Just three weeks after its University Senate voted to allow ROTC back, Columbia University is officially recognizing the Naval Reserved Officers Training Corps. Columbia President Lee Bollinger said in a statement, "Repeal of the Don’t Ask Don’t Tell law provided a historic opportunity for our nation to live up to its ideals of equality and also for universities to reconsider their relationships with the military.
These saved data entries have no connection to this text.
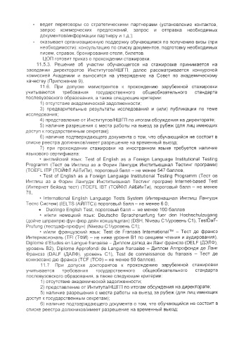 11.6.  При  допуске  магистрантов  к  прохождению  зарубежной  стажировки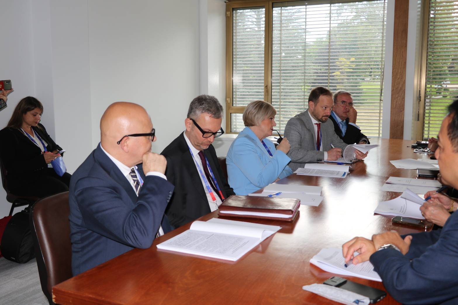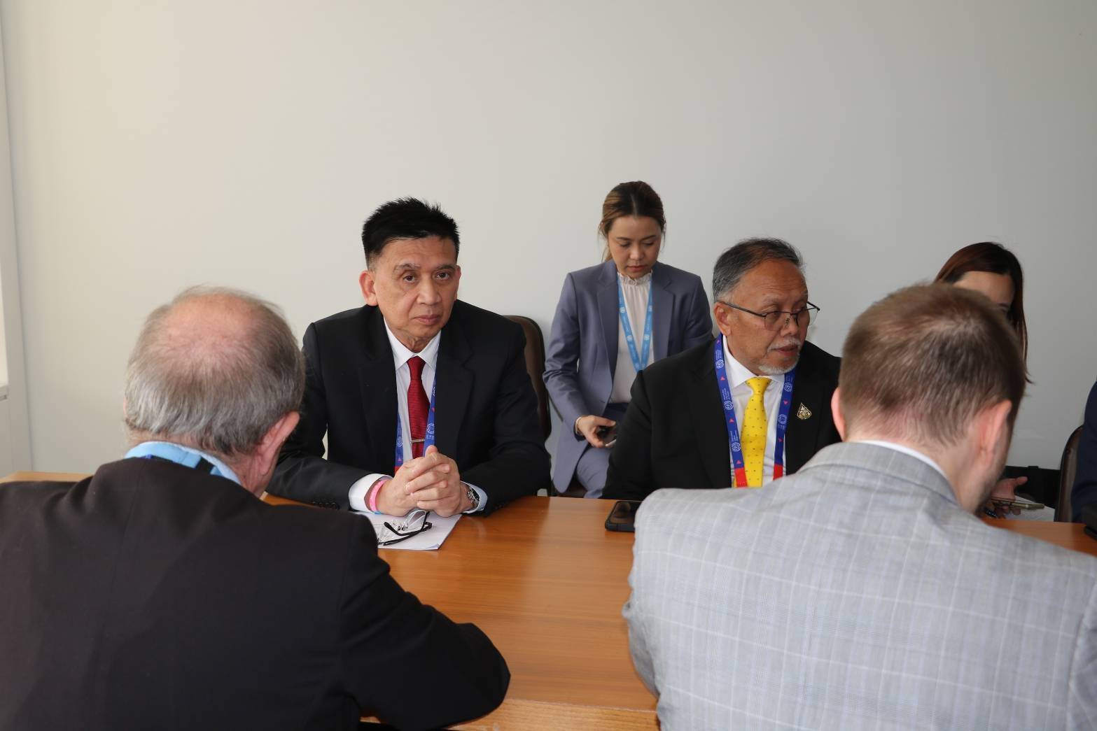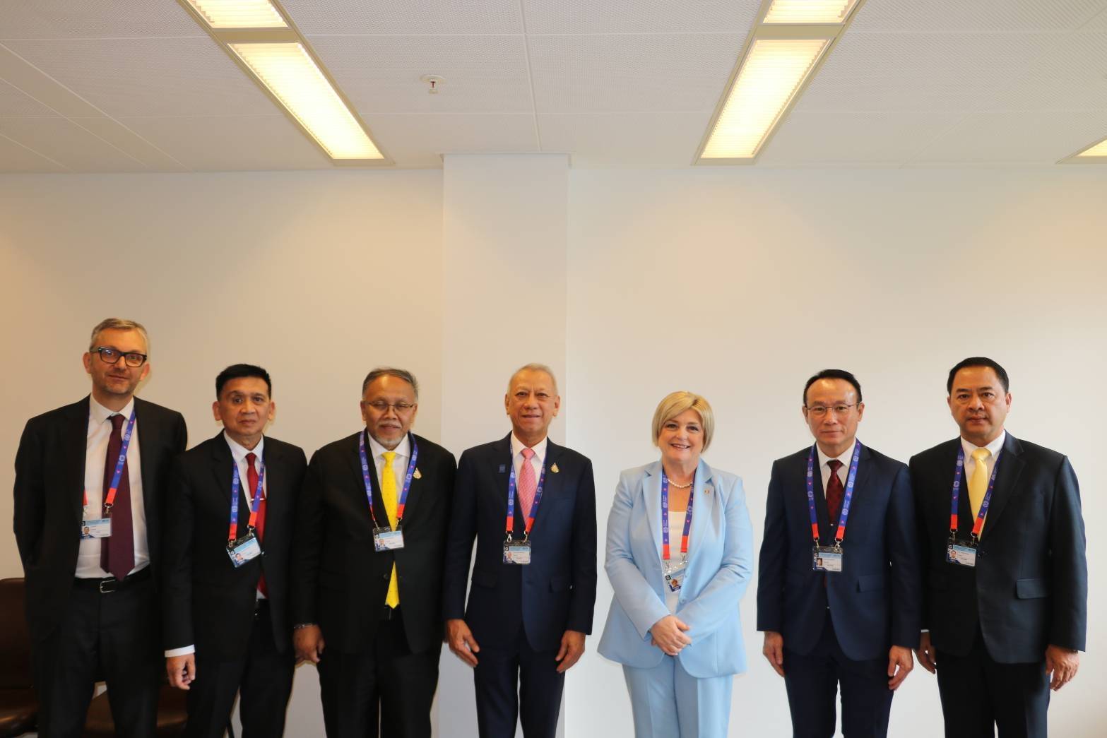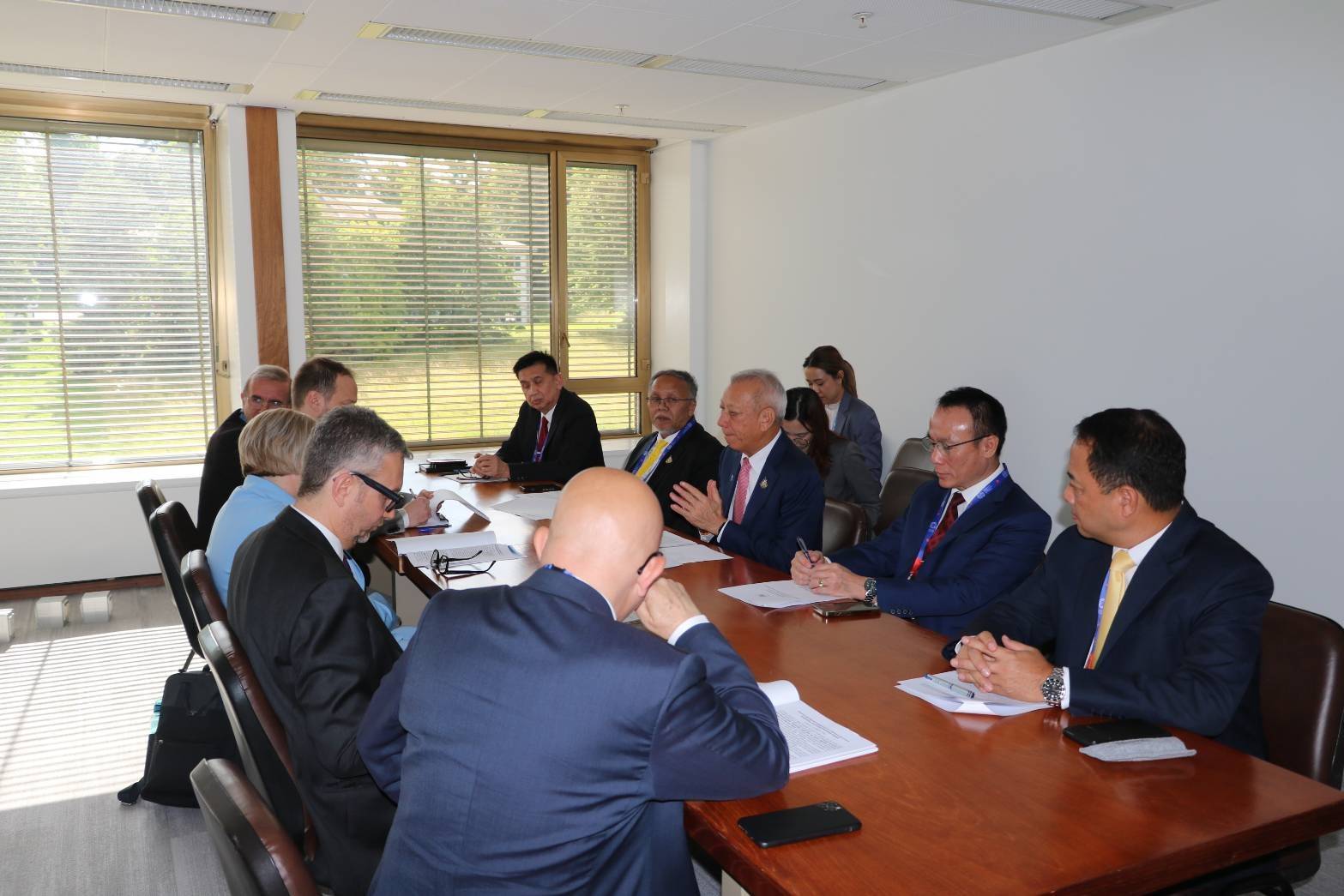 The Labour Minister, Mr. Phiphat Ratchakitprakarn joined bilateral discussions to strengthen labour cooperation with the Italian Minister of Labour and Social Policies, Marina Elvira Calderone. The discussions took place at the United Nations Building in Geneva, Switzerland. The Assistant to the Labour Minister, Mr. Siraphop Duangsodsri, the Permanent Secretary of Labour, Mr. Pairoj Chotikasathien, the Department of Employment’s Director-General, Mr. Somchai Morakotsriwan, the Ministry of Labour’;s Inspector-Generals, Mr. Samat Pattamasukon, and the Ministry of Labour’s executives joined the occasion.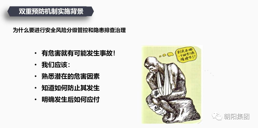 在培訓(xùn)活動(dòng)中,朝陽(yáng)集團(tuán)申總詳細(xì)給員工講解了風(fēng)險(xiǎn)分級(jí)管控、隱患排查治理的概念、方法和流程等,并強(qiáng)調(diào)了雙重預(yù)防機(jī)制在安全生產(chǎn)中的重要性。申總首先對(duì)雙重預(yù)防機(jī)制的定義進(jìn)行了闡述,再對(duì)風(fēng)險(xiǎn)分級(jí)管控與隱患排查治理的雙重預(yù)防機(jī)制進(jìn)行了深入的講解。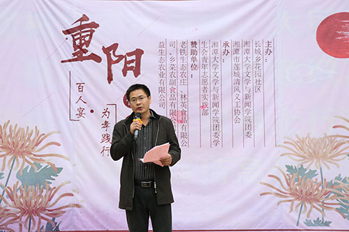 (通讯员:赵子杰 李同喜 沈娜 摄影:常帅 陈思乐)金风送爽,丹桂飘香,为孝践行,爱暖花园。重阳佳节将至,为贯彻落实习近平总书记在今年教育大会上的讲话精神,教育引导员工培育和践行社会主义核心价值观,踏踏实实修好品德,成为有大爱大德大情怀的人。10月13日,sunbet申搏团委联合花园社区举办“重阳节百人宴”活动,号召老员工为孝发声、为孝践行、为孝代言。参加此次活动的领导和嘉宾有长城乡党委副书记田韬,长城乡副乡长许迎春,sunbet申搏文学与新闻学党委副书记周鹏飞,sunbet申搏团委书记管胜昔,长城乡老科协书记邓德华,花园社区老年协会会长彭寿疆,花园社区书记罗桂平以及花园社区主任颜德林。花园社区、湘潭市莲城义工协会、sunbet申搏志愿者和两百余老人齐聚一堂,喜迎重阳。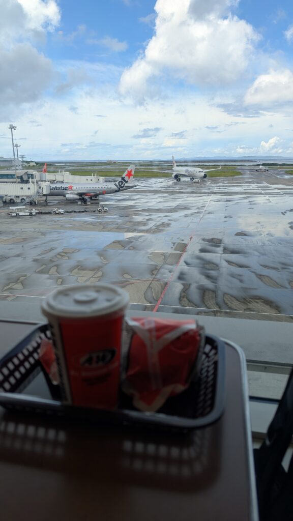 頑張って起きましたが、空港に着いたのは6:20でした。保安・出国審査は既に大行列。40分程度かけて出国できました。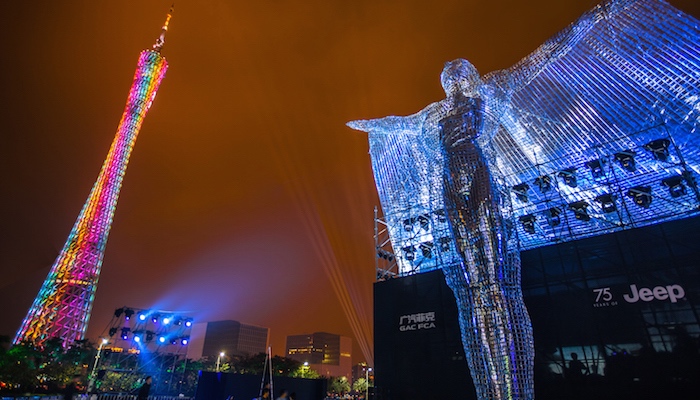 距离广州车展正式开幕还有一天两夜,珠江江畔的海心沙亚运公园灯火通明。稍稍抬眼,伫立于一旁的广州塔正在温暖潮湿的空气中完成色彩的流转,“Jeep广州造、南粤新王牌”的广告标语在高空中循环着出现接着飘走。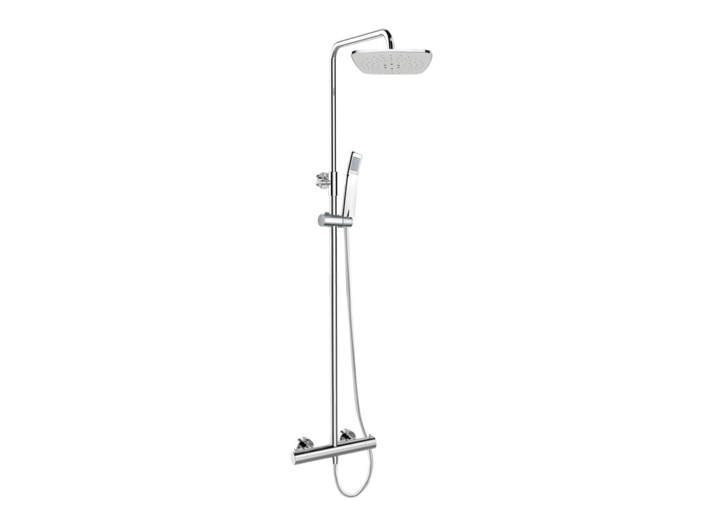 Termostatická nástěnná sprchová baterie 150 mm, s nastavitelnou teleskopickou tyčí, nerezovou sprchovou hadicí 150 cm, ruční a talířovou hranatou sprchou, 225x225 mm, šedá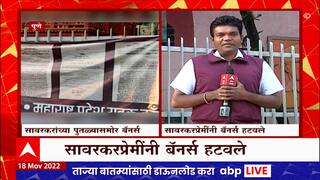 पुण्यात स्वा. सावरकरांच्या पुतळ्यासमोर युवक काँग्रेसची बॅनरबाजी. युवक काँग्रेसनं लावलेले 'माफीवीर' लिहिलेले बॅनर सावरकर प्रेमींनी हटवले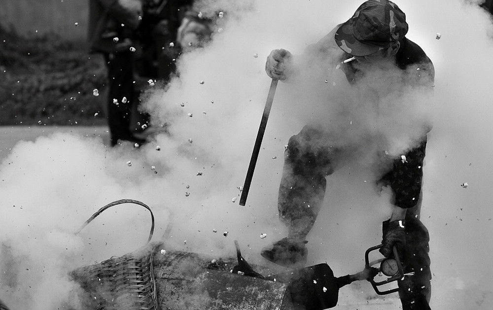 一個(gè)黑溜的鐵球,把米或玉米拌著糖精裝在球里面,一會(huì)兒工夫隨著蹦的一聲,想噴噴的爆米花就出來(lái)了,那時(shí)候這真是美味?。。。ìF(xiàn)在馬路邊還是能經(jīng)常見到的)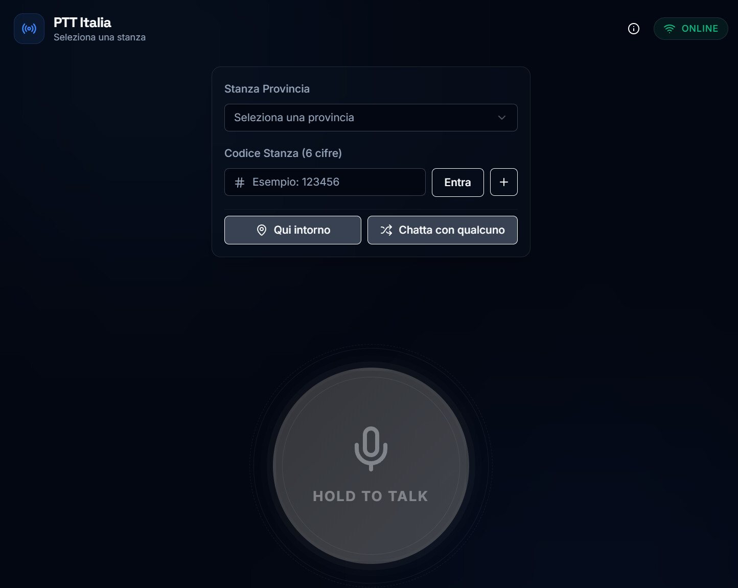 Il risultato è questo Push to Talk Italia, una sorta di walkie‑talkie digitale che permette di parlare in tempo reale con altre persone. Puoi provarlo direttamente qui sotto: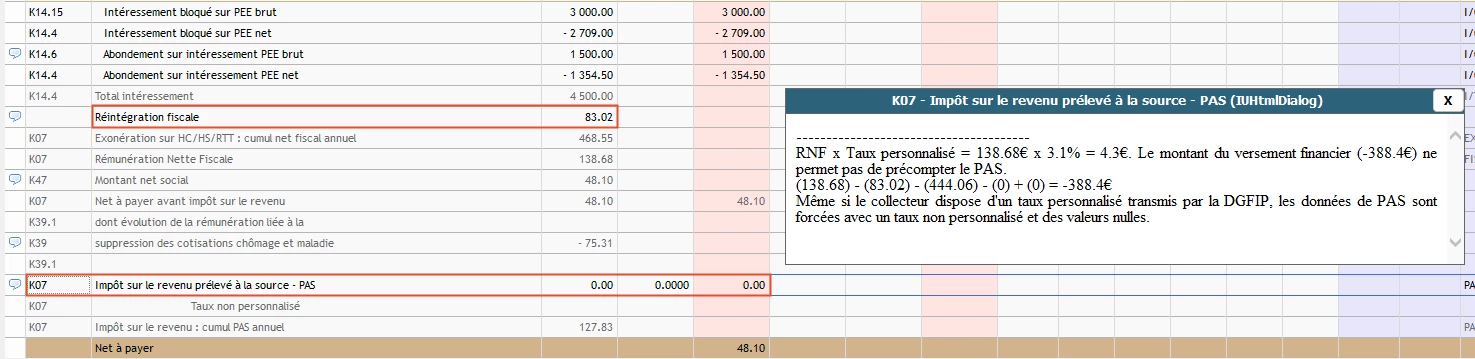 Lorsque je crée ma ligne d’abondement PEE sur le bulletin, le PAS se met à zéro alors que le taux est normalement à 1.3%. Or le client doit payer son PAS sur son salaire hors PEE.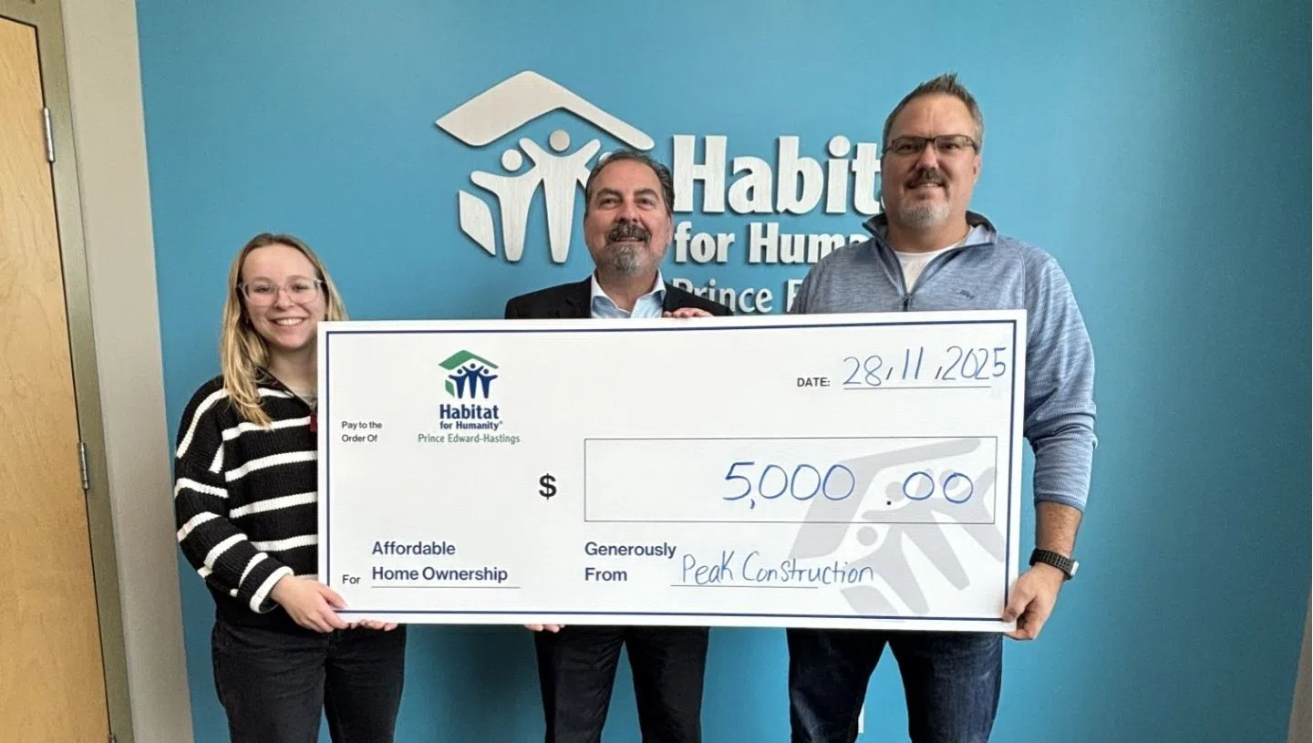 Habitat for Humanity Prince Edward-Hastings receives $5,000 donation from Peak Construction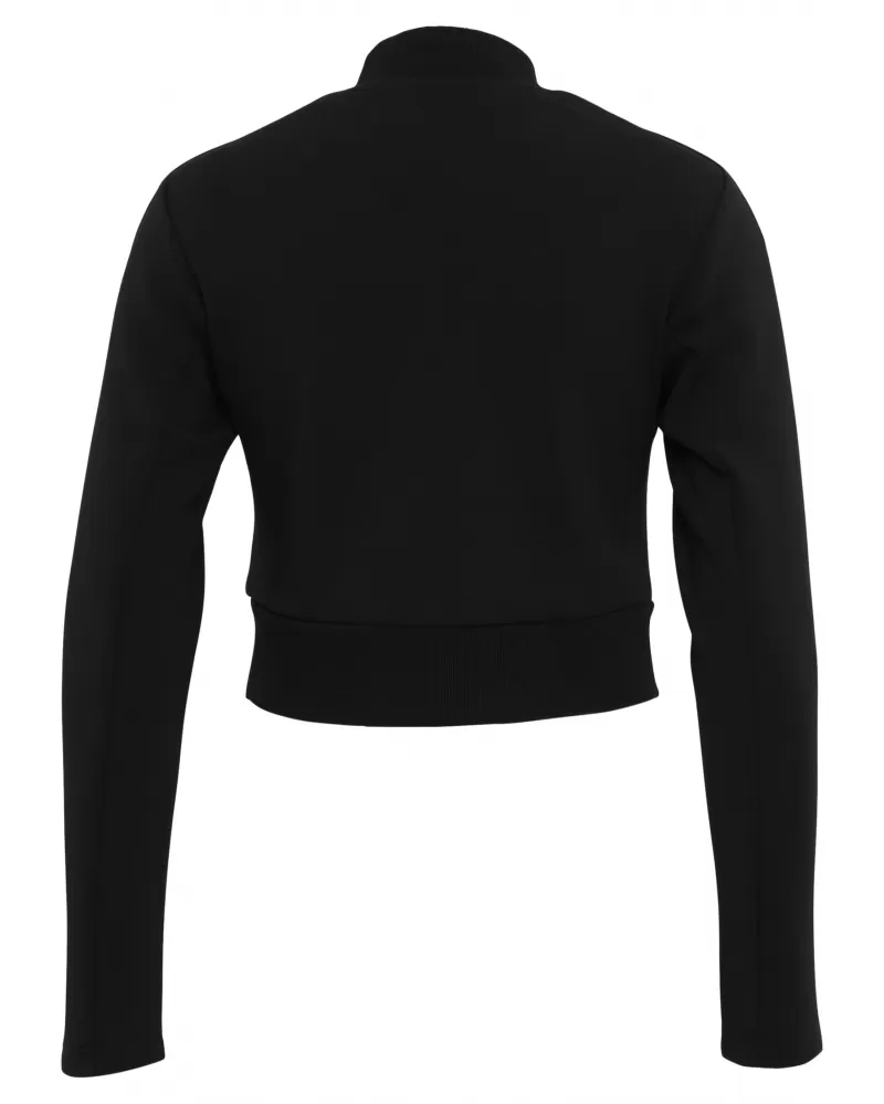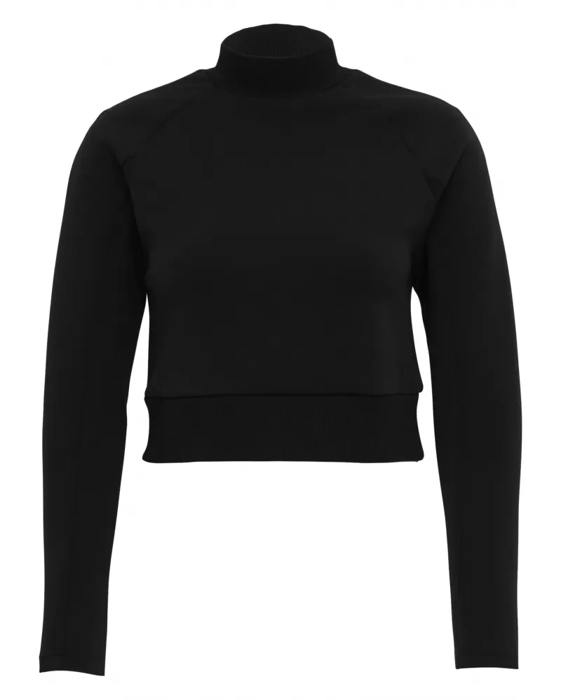 Moderní a elegantní dámský svetr pro fashionisty. Střih je krátký, ale nabízí velkou a dominantní šířku s velkou volností pohybu kolem ramen díky raglánovému tvaru. Stojáček je vyroben z žebrované tkaniny. Široký, zdůrazněný lem dodává mikině styl, zatímco interlockový materiál poskytuje jistý postoj. Střih je pravidelný. Sportovní a elegantní zugleich.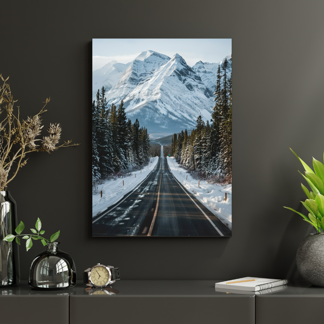 Cette affiche murale représente une route solitaire traversant une forêt enneigée, guidant le regard vers des montagnes imposantes aux sommets recouverts de neige. La composition évoque l’évasion, la liberté et le calme des grands espaces.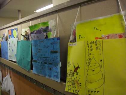 廊下には、図工の作品が飾ってあります。作品を入れる袋も図工の作品に・・・いいアイディアです・・・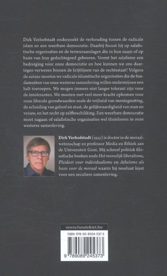 Dirk Verhofstadt onderzoekt de verhouding tussen de radicale islam en een weerbare democratie. Daarbij focust hij op salafistische organisaties en de terreuraanslagen die in hun naam of op basis van hun gedachtegoed gebeuren. Vormt het salafisme een bedreiging voor onze democratie en hoe kunnen we ons daartegen verweren binnen de krijtlijnen van de rechtsstaat? Volgens de auteur moeten we radicale islamitische organisaties die de fundamenten van onze westerse samenleving willen ondermijnen een halt toeroepen. We mogen immers niet langer tolerant zijn voor de intoleranten. We moeten met veel meer kracht opkomen voor onze liberale grondwaarden zoals de vrijheid van meningsuiting, de scheiding van geloof en staat, de gelijkwaardigheid van man en vrouw, en het recht op zelfbeschikking. Een weerbare democratie moet nagaan of salafistische organisaties wel thuishoren in onze westerse samenleving.

After many months of campus discussion, open forums, and a strongly favorable vote in the University Senate, together with consultation with the University’s Council of Deans, it is clear that the time has come for Columbia to reengage with the military program of ROTC. I believe that it is the right course of action for Columbia to formalize this recognition and thereby add to the diversity of choices for education and public service we make available to our students."
Bollinger also sent an email to the university, "Formal recognition of Naval ROTC by Columbia will resume after the effective date, expected later this year, of the repeal of the “Don’t Ask Don’t Tell” law that disqualified openly gay men and lesbians from military service."
Columbia's statement also explained:
Columbia’s Navy and Marine Corps-option midshipmen will participate in Naval ROTC through the NROTC unit hosted at the SUNY Maritime College in Throgs Neck, Queens. They will join Columbia’s Army and Air Force ROTC members who will continue to train, as they do currently, with other New York area students at consortium units at Fordham University and Manhattan College. At present, there are nine Columbia and Barnard College students participating in these New York consortium units. The new agreement between the Navy and Columbia will provide that NROTC active duty Navy and Marine Corps officers will be able to meet with Columbia NROTC midshipmen on the Columbia campus in spaces furnished by Columbia.
In his statement and email, Bollinger made a point to emphasize the school's long, proud history with the military, but Columbia has also had a storied history in student activism against the Vietnam War and the military, with one of its students later helping form the activist group the Weather Underground (which blew up a Greenwich Village townhouse and set off a bomb at NYPD headquarters). A former Weatherground member who lives near Columbia told the NY Times earlier this month, "The U.S. armed forces are a blight on the planet. I don’t support soldiers — I think they’re war criminals. So obviously, I’m against R.O.T.C. coming back."